Any story begins with a hard-headed assessment of the source. The new generation of (mainly — but not exclusively — women) journalists have grasped that just as Me Too has powered the credibility of women telling their stories, it has cost male politicians the institutional credibility to assert control of the political narrative.

At the same time, powerful men have retained the ability to command public platforms — including live television, as Australia saw this week. Journalists have always had the obligation to provide a platform to those challenging that power.

Journalism already has a practical tool to manage this clash of credibilities, where basic facts are in dispute: a reporting that balances the woman’s right to tell her story and the man’s right to defend his reputation. Sure it can end up a bit “she said, he said”, but sometimes that’s the best journalism can do.

It’s tricky, and a misstep can be costly. Defamation law exists to prioritise reputation over public debate (although last month an Indian court found the “right of reputation can’t be protected at the cost of right to dignity” of women in a high-profile Me Too case involving a federal minister).

In Australia, journalists have been careful to step around the increasingly stringent court interpretations of defamation. There was the tentative reporting of the letter over the first weekend, followed by a cautious unfolding of details that didn’t identify the minister on the Monday and Tuesday, before reaching the safer ground of police reports and prime ministerial comments.

Today’s financially strapped media companies are more cautious than they once were, particularly when they discovered that their defamation defender of choice, MinterEllison’s Peter Bartlett, was advising the minister. (Note: Bartlett also gives legal advice to Crikey.)

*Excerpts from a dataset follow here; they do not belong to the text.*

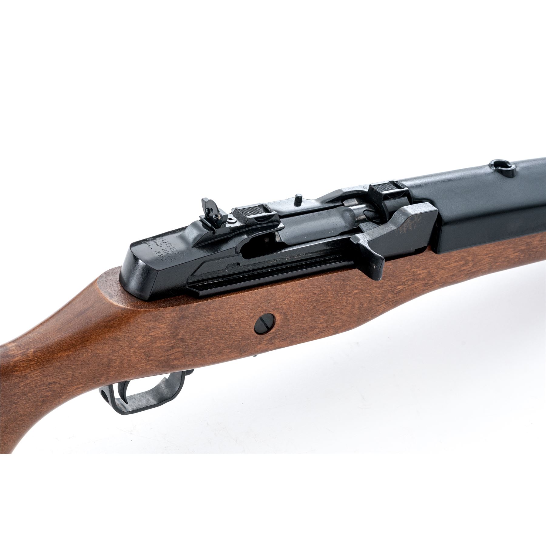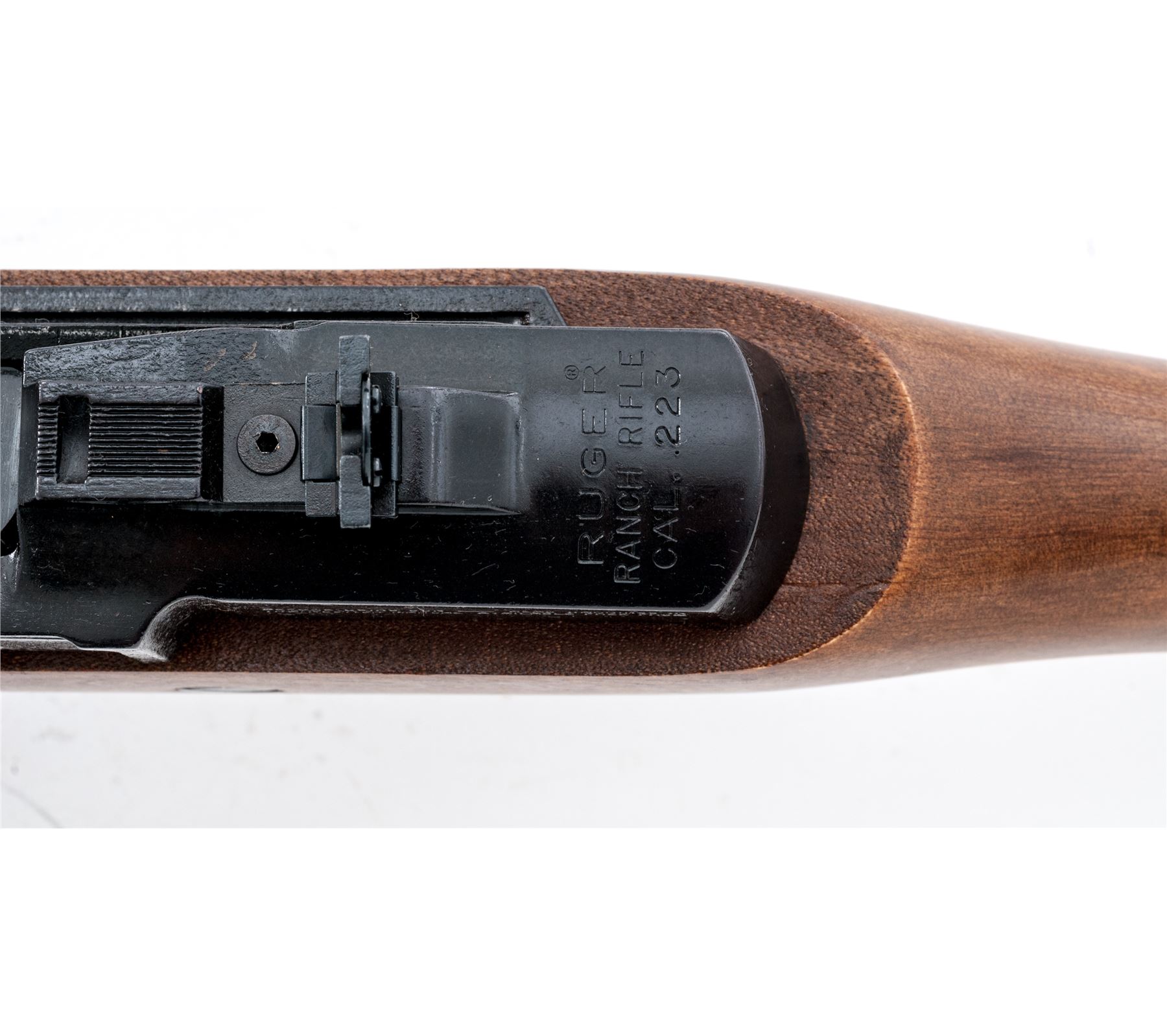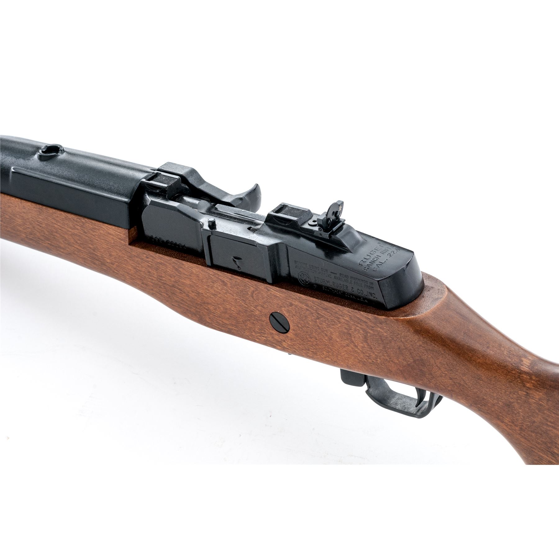 Ruger Mini-14 Semi-Automatic Ranch Rifle, #195-22184, .223 cal., 18.5'' barrel, blue finish, pistol-grip birch stock, factory black plastic buttplate, black upper handguard, fixed blade front sight and folding rear sight, with sling swivels, and one factory 5-round magazine. Condition is excellent appearing near new. Slide with a spot of mild thinning to the finish and otherwise this rifle shows only a few insignificant handling marks. Smooth action, bright bore with sharp rifling. Est.: $500-$700. (Modern)
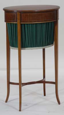 the rosewood crossbanded oval top over a boxwood strung frieze panel with green basket raised on square tapering legs with splayed feet, united by stretchers
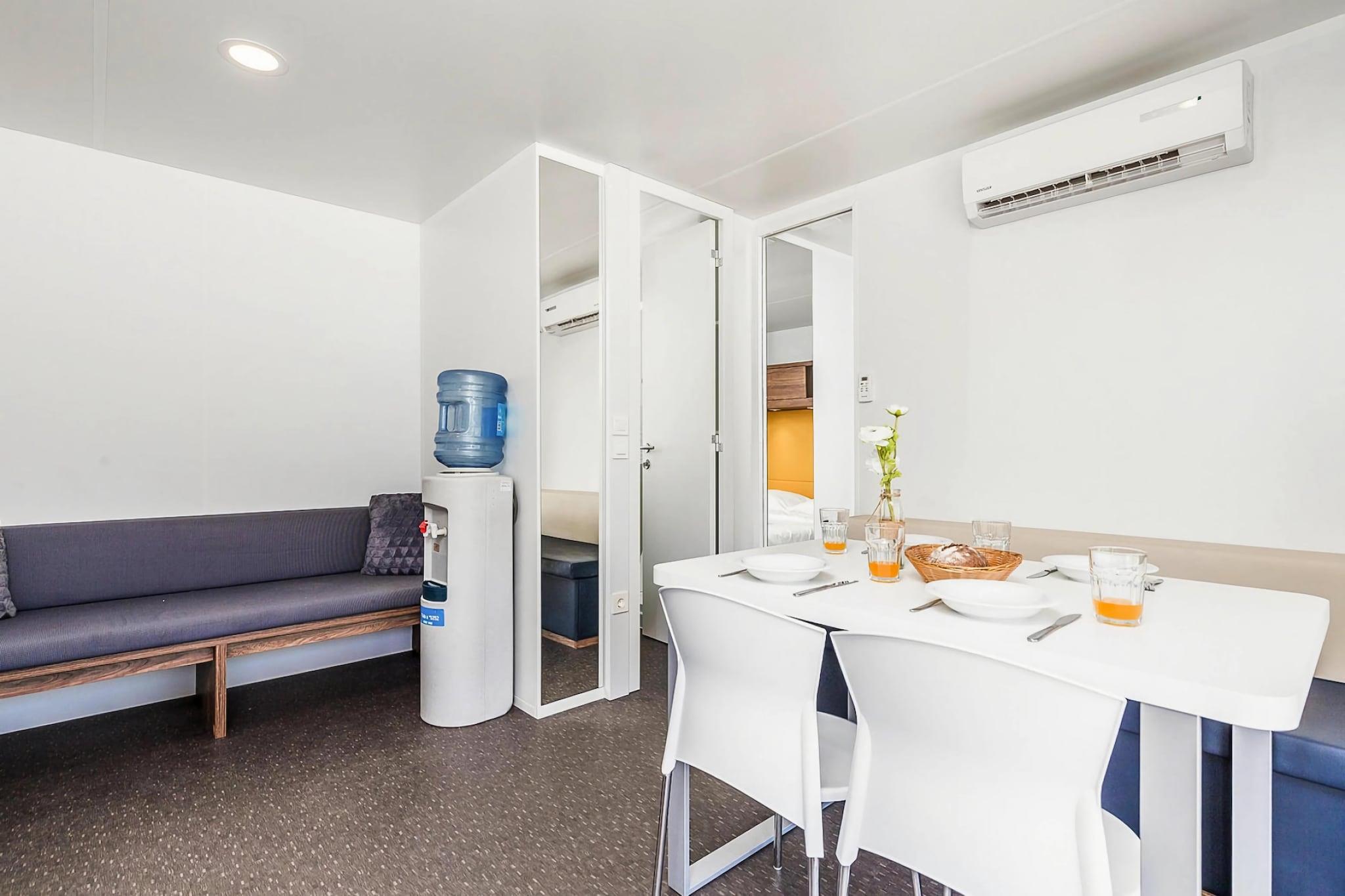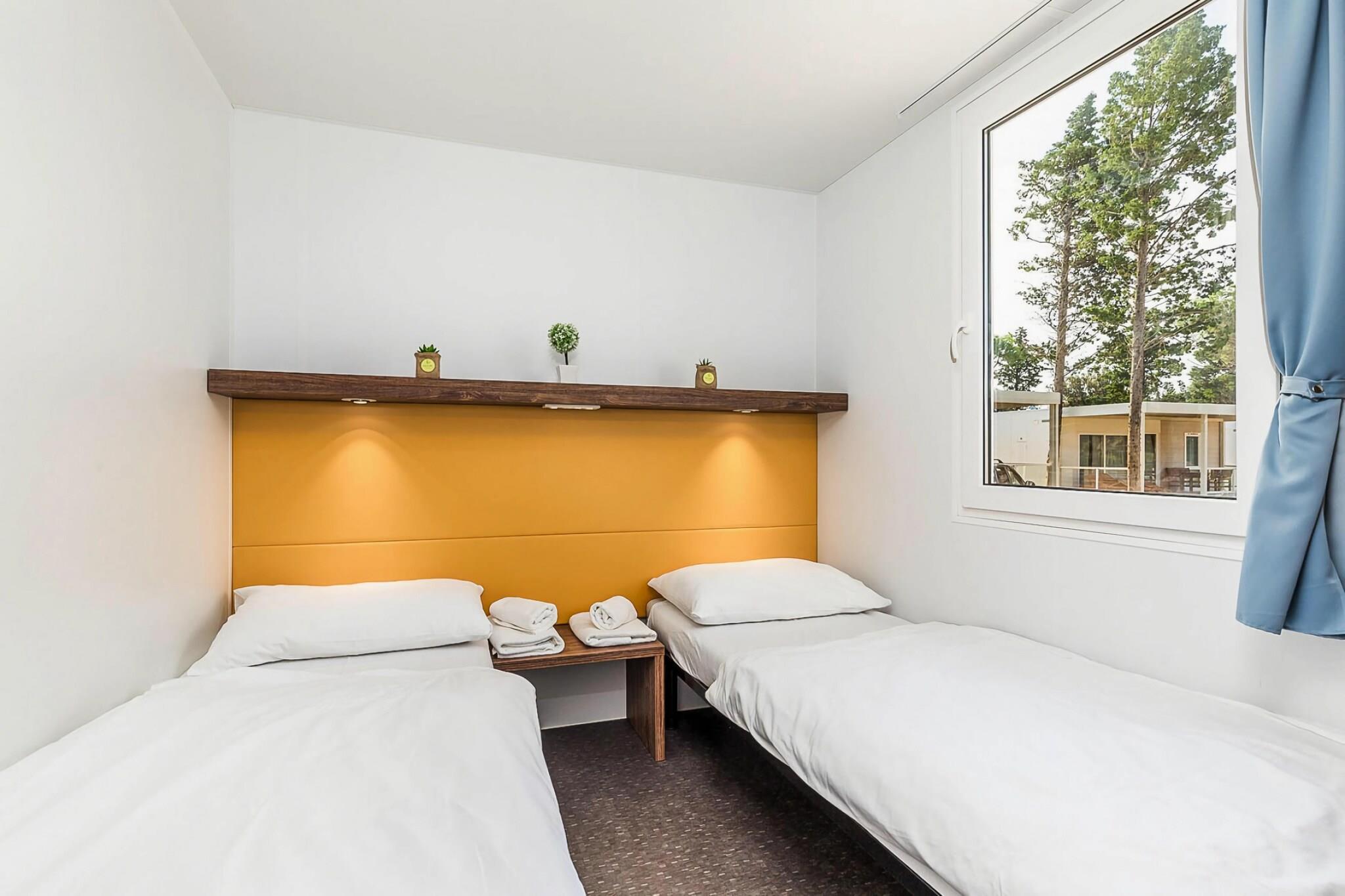 Rummeligt feriekompleks direkte på den let skrånende, smukke stenstrand med moderne og højkvalitets mobilhomes. Afhængigt af mobilhomets placering er der kun 20 til 200 meter til stranden, hvor der er to liggestole til rådighed pr. mobilhome. Campingpladsen er omgivet af en 57 hektar stor skov med dalmatiske ege og oliventræer. Udover sol og hav kan du her nyde en varieret ferie med et alsidigt underholdningsprogram og talrige aktiviteter. Der er seks ferskvandsbassiner alene, nogle med boblebade, og en række vandsportsaktiviteter og flere strandbarer langs stranden. For en sømløs solbrændthed har komplekset også en nudiststrand. Som den næststørste by på øen Pag har den tidligere fiskerby Novalja nu udviklet sig til et populært turistmål. Kyststrækningen mellem Novalja og Zr?E er nu kendt som Kroatiens Ibiza. Novalja selv lever mere end op til sit navn med alle sine hyggelige barer og moderne diskoteker. Få kilometer væk venter den mest populære feststrand på dig om aftenen - i Zr?E kan du feste ved havet indtil solopgang. Detaljer: Forbrugsbaserede energiomkostninger, sengelinned, håndklæder, slutrengøring, WiFi Aktiviteter i nærheden: I alt 6 ferskvandsswimmingpools med et samlet areal på cirka 600 kvadratmeter er tilgængelige til badning og plask. To af bassinerne har et spabad, der kan rumme op til 6 personer. Der er også 1 børnepool (86 m²). Udflugter fra Pag vil tage dig på fastlandet til de fascinerende kystbyer Zadar, Rijeka og Split eller ind i landet til Zagreb. Den vidunderlige ø-verden inviterer dig til at lave ture på egen hånd eller med turbåde. Disse ture til små og store øer kan også kombineres med interessante dykkerudflugter Ikke egnet til personer med nedsat mobilitet

Once there would have been a competitive edging to the “scoop” of naming the man. This time there seems to have been a like-minded understanding that reticence was the safer option, until Christian Porter outed himself with an assertive “It just didn’t happen” denial.

That means Coorey is right: we may never reach a broadly accepted version of the truth. And repeated op-ed commentators in The Australian are right too: many people will independently decide what they believe to be true.

Welcome to the 2020s. If journalism empowers people to tell their stories, it also gives its audience the information they need to make up their mind.